┌────────

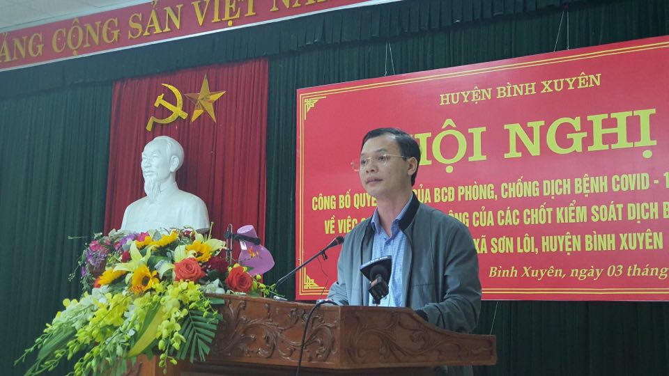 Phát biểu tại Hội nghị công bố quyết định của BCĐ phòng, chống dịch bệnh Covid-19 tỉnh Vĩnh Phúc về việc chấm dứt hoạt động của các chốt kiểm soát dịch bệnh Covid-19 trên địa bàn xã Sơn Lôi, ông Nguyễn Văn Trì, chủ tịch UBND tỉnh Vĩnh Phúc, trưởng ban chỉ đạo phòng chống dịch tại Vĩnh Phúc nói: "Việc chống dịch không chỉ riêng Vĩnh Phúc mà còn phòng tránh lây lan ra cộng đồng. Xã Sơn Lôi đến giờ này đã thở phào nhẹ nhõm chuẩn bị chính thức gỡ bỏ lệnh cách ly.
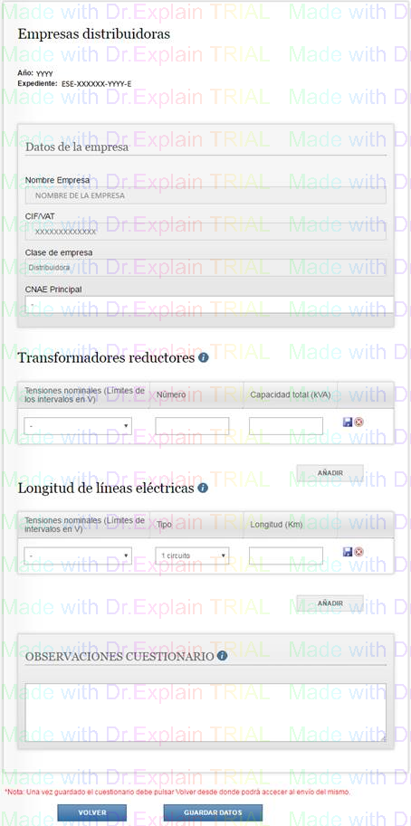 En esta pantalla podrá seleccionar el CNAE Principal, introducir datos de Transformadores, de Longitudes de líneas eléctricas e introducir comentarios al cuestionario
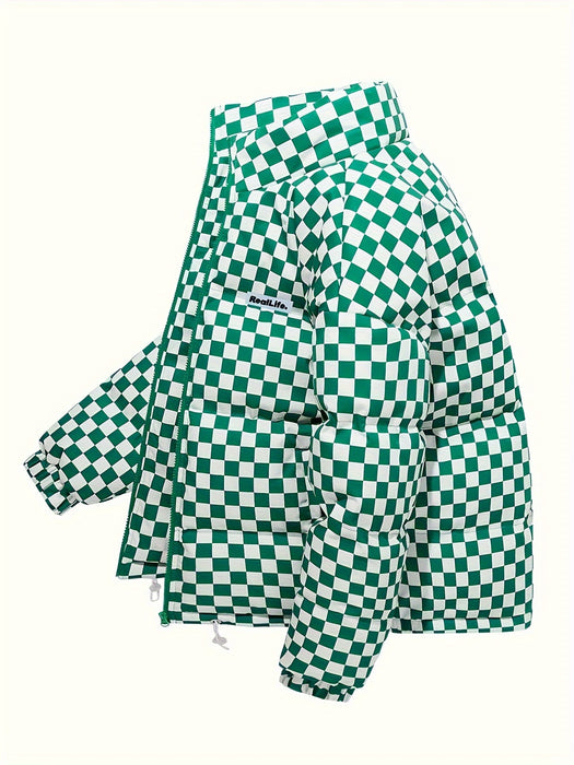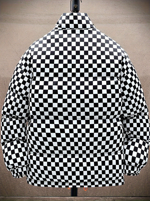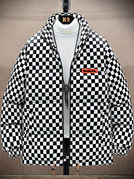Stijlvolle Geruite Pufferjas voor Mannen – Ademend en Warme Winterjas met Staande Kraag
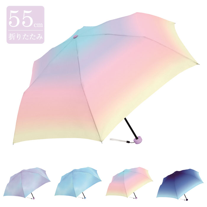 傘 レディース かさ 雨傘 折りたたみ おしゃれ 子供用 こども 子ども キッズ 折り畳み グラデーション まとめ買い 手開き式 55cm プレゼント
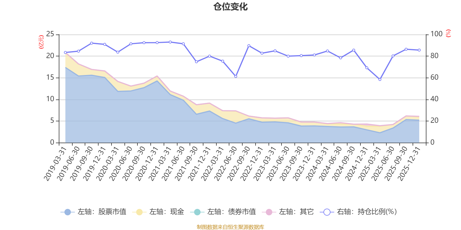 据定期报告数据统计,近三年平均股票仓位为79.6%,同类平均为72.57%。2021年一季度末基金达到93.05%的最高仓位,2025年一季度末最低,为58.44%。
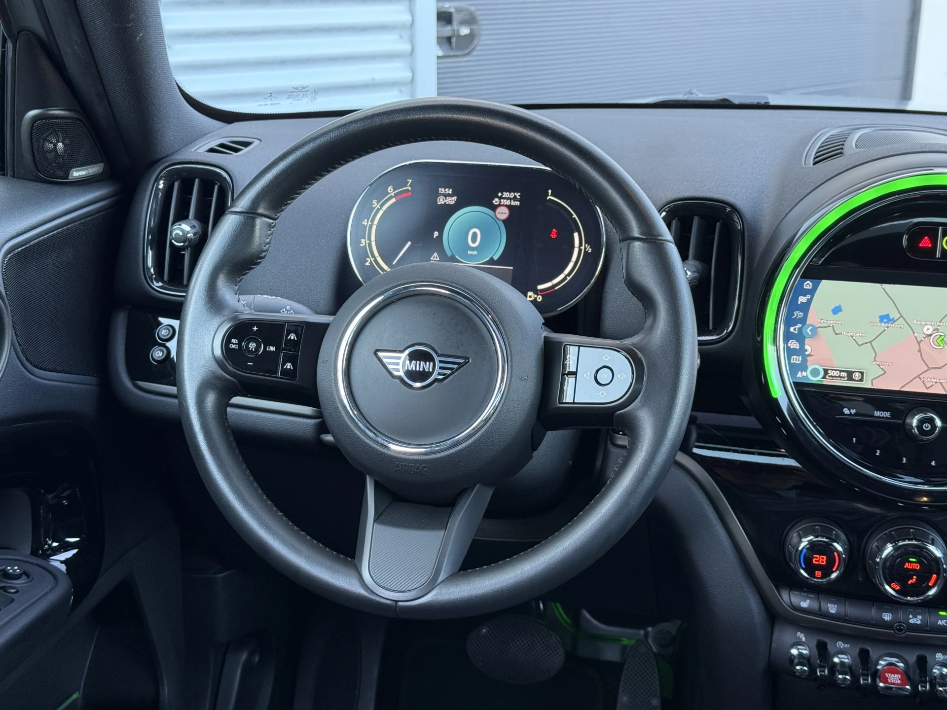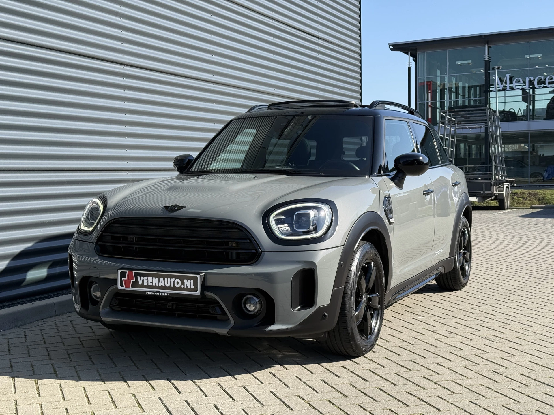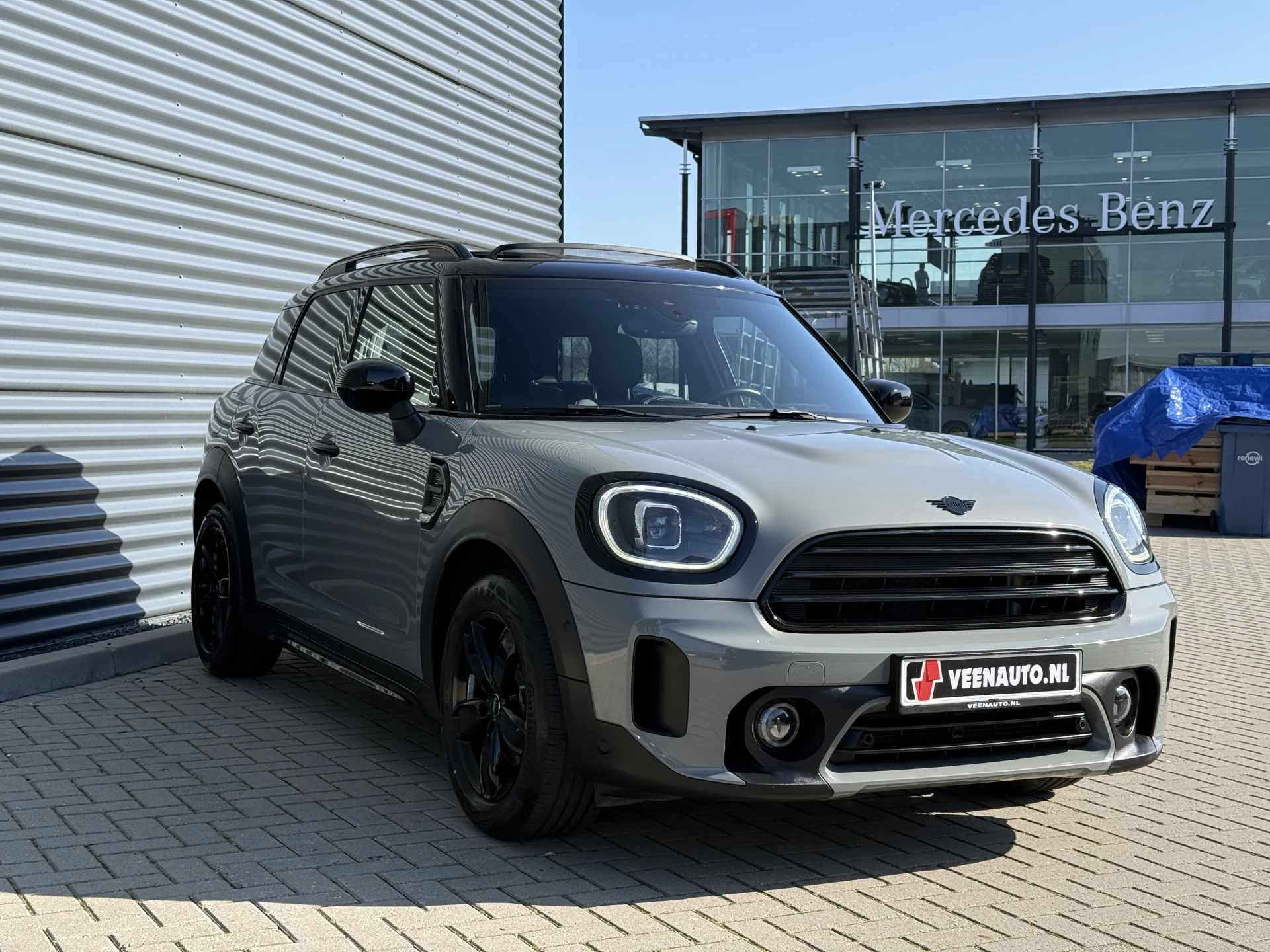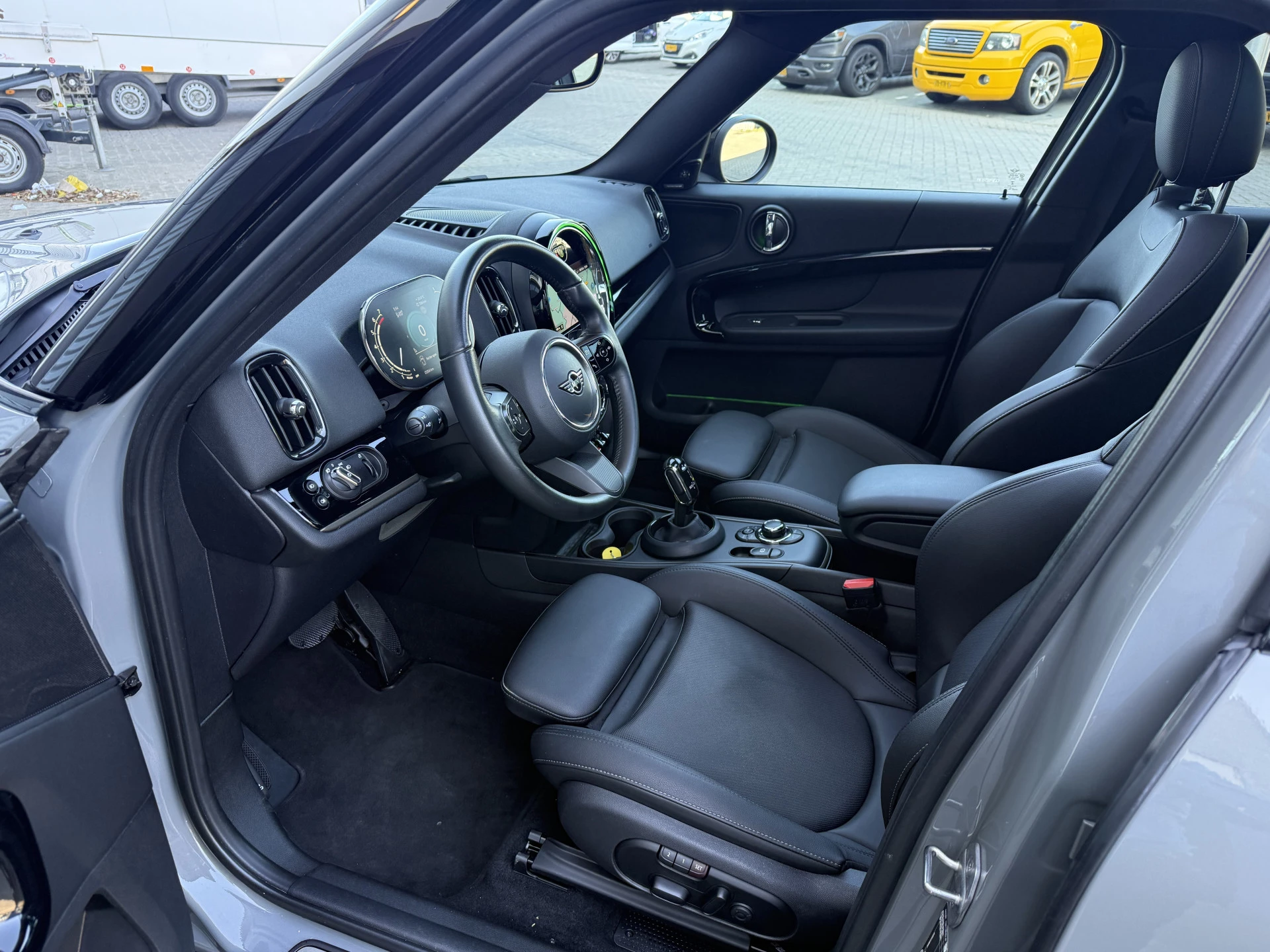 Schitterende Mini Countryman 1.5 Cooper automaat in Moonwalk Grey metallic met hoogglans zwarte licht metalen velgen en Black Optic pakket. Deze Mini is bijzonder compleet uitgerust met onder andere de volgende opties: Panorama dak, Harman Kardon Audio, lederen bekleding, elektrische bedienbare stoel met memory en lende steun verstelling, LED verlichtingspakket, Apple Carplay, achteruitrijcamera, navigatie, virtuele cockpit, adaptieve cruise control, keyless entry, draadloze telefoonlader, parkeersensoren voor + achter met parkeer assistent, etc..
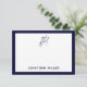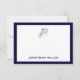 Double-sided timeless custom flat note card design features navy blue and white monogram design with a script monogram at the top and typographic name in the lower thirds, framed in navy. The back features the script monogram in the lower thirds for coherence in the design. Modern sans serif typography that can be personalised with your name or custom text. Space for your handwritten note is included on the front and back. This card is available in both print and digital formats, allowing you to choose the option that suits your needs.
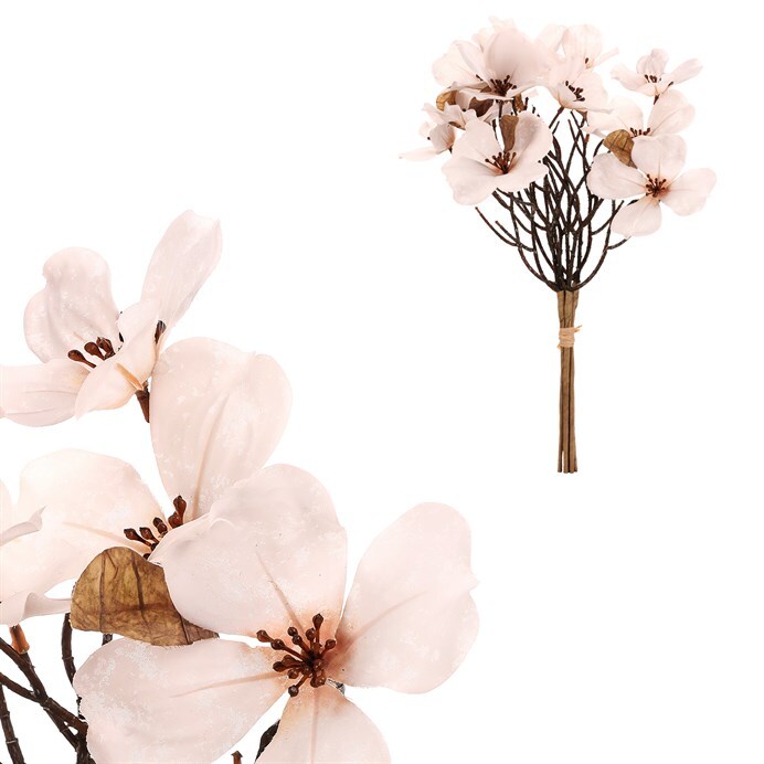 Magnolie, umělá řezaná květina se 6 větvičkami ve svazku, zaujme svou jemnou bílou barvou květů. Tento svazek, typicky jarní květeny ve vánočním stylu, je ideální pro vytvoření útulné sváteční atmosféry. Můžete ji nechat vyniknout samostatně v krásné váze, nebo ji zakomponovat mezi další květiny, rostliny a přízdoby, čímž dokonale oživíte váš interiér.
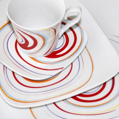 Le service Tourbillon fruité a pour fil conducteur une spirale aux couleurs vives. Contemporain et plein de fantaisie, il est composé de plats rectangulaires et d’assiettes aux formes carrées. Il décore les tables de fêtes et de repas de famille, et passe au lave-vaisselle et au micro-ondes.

└────────

§ **Your objective**
Once the pictures are removed, print all the remaining data exactly as it stands.

§ **Written solution**
 Phát biểu tại Hội nghị công bố quyết định của BCĐ phòng, chống dịch bệnh Covid-19 tỉnh Vĩnh Phúc về việc chấm dứt hoạt động của các chốt kiểm soát dịch bệnh Covid-19 trên địa bàn xã Sơn Lôi, ông Nguyễn Văn Trì, chủ tịch UBND tỉnh Vĩnh Phúc, trưởng ban chỉ đạo phòng chống dịch tại Vĩnh Phúc nói: "Việc chống dịch không chỉ riêng Vĩnh Phúc mà còn phòng tránh lây lan ra cộng đồng. Xã Sơn Lôi đến giờ này đã thở phào nhẹ nhõm chuẩn bị chính thức gỡ bỏ lệnh cách ly.
 En esta pantalla podrá seleccionar el CNAE Principal, introducir datos de Transformadores, de Longitudes de líneas eléctricas e introducir comentarios al cuestionario
Stijlvolle Geruite Pufferjas voor Mannen – Ademend en Warme Winterjas met Staande Kraag
 傘 レディース かさ 雨傘 折りたたみ おしゃれ 子供用 こども 子ども キッズ 折り畳み グラデーション まとめ買い 手開き式 55cm プレゼント
 据定期报告数据统计,近三年平均股票仓位为79.6%,同类平均为72.57%。2021年一季度末基金达到93.05%的最高仓位,2025年一季度末最低,为58.44%。
 Schitterende Mini Countryman 1.5 Cooper automaat in Moonwalk Grey metallic met hoogglans zwarte licht metalen velgen en Black Optic pakket. Deze Mini is bijzonder compleet uitgerust met onder andere de volgende opties: Panorama dak, Harman Kardon Audio, lederen bekleding, elektrische bedienbare stoel met memory en lende steun verstelling, LED verlichtingspakket, Apple Carplay, achteruitrijcamera, navigatie, virtuele cockpit, adaptieve cruise control, keyless entry, draadloze telefoonlader, parkeersensoren voor + achter met parkeer assistent, etc..
 Double-sided timeless custom flat note card design features navy blue and white monogram design with a script monogram at the top and typographic name in the lower thirds, framed in navy. The back features the script monogram in the lower thirds for coherence in the design. Modern sans serif typography that can be personalised with your name or custom text. Space for your handwritten note is included on the front and back. This card is available in both print and digital formats, allowing you to choose the option that suits your needs.
 Magnolie, umělá řezaná květina se 6 větvičkami ve svazku, zaujme svou jemnou bílou barvou květů. Tento svazek, typicky jarní květeny ve vánočním stylu, je ideální pro vytvoření útulné sváteční atmosféry. Můžete ji nechat vyniknout samostatně v krásné váze, nebo ji zakomponovat mezi další květiny, rostliny a přízdoby, čímž dokonale oživíte váš interiér.
 Le service Tourbillon fruité a pour fil conducteur une spirale aux couleurs vives. Contemporain et plein de fantaisie, il est composé de plats rectangulaires et d’assiettes aux formes carrées. Il décore les tables de fêtes et de repas de famille, et passe au lave-vaisselle et au micro-ondes.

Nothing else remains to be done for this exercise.